Pages

Pages

Saturday, December 22, 2018

What The Socialist Party Stands For

Most people believe that things would be better and life would be easier if only prices were reduced. This is a complete illusion, a failure to understand how capitalism works. To start with nobody actually wants all prices to be reduced: what they all want is that the prices of the things they buy should be reduced and the prices of the things they sell kept as they are or increased. This includes the workers, none of whom want to see a reduction of their wages —which also are prices, the prices at which they sell their mental and physical energies (their labour power) to the employers. 

The workers also want “full employment”. Here they come up against the cruel truth about capitalism. The employers have paid off hundreds of thousands of workers because at present selling prices and costs of production (including wages) they cannot make a profit. If they saw the prospect of a profit they would re-engage them to-morrow. From the employers’ point of view, the solution lies in raising their selling prices, or reducing costs, including wages, or cutting their total costs by getting the same amount of work out of fewer workers. All of this is subject to the overriding condition that the goods produced can be sold, and at the present time world markets are shrinking and competitors abroad are also trying to cut their costs.

Would any of the various forms of controls of prices and wages avoid depressions? The answer is that every possible variety has been tried and failed. It may be hard to accept but is nevertheless true that there are no ways to prevent capitalism from behaving in accordance with its own economic laws. 

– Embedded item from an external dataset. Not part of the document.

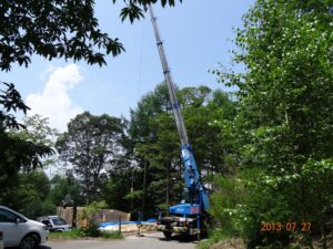 2013年7月27日午前7時40分、八ヶ岳本宅の敷地前の町道に、レンタルした大型クレーン車が横付けした。以降、午後5時半まで続く、長い戦いの日が幕を開けた。

Capitalism drives and presses us all to buy to the limits of our means, and offers devices by which those limits may be apparently stretched. But the pressure must never be yielded-to by an inch beyond the limits. The point of marketing, after all, is not that goods shall be distributed but that they are paid for. He who, lured and compelled by deferred terms or slashed deposits or simple needs, fails to meet his money commitment is as far as possible prevented for the future from buying on those terms again. Morally condemned as well, for violating the golden capitalist rule that everything has its price. Most people under capitalism exist in desperation, hair-breadths away from financial calamity. 

There is a socialist alternative to capitalism. The Socialist Party is not Utopian. We know that such a system is possible. Everything necessary is present save one thing: a desire on your part to have such a system.

The Socialist Party does not exist to campaign for petty reforms within the capitalist system. We are a tool by which the working class can use to gain control of the machinery of government. Once in control, the workers can use this machine to dispossess the capitalist class by declaring all the means of life the common property of all society. This will allow the workers to take over the industries and to keep production going in the ways they will have worked out beforehand.  As soon as the last capitalist has been dispossessed then classes will have ceased to exist. It will no longer make sense to speak of a working class and a capitalist class. Everybody, including the ex-capitalists, will have the same status as free producers. Not that things will immediately be startlingly different from what they were before. Production will have to be kept going. Although such jobs as checkout cashiers would disappear, engineers would remain engineers and, perhaps, railway workers, railway workers and so on.  The conversion of the means of life from the private property of an exploiting class to the common property of society will establish the framework within which can be solved once and for all the problems which the working class face today precisely because they are the working class. Even today we can see that the world is quite capable of producing enough for everybody if only production were arranged with this object in mind. Socialism will allow this to happen. Mankind will have control over the means of production to use them as society think fit. Under capitalism there can be no genuine planning as the market is the real king. Firms turn out goods and hope the market will absorb them. Socialist society will estimate what will be needed in advance and then produce it. Allowances for changes in taste and natural disasters can be made by producing more than is needed as a kind of guarantee. The abolition of private property and the conversion of the means of life into the common property of mankind will allow society to set about tackling questions of economic organisation in a scientific way. As soon as the capitalist system has been abolished money become redundant as soon as common ownership has been established.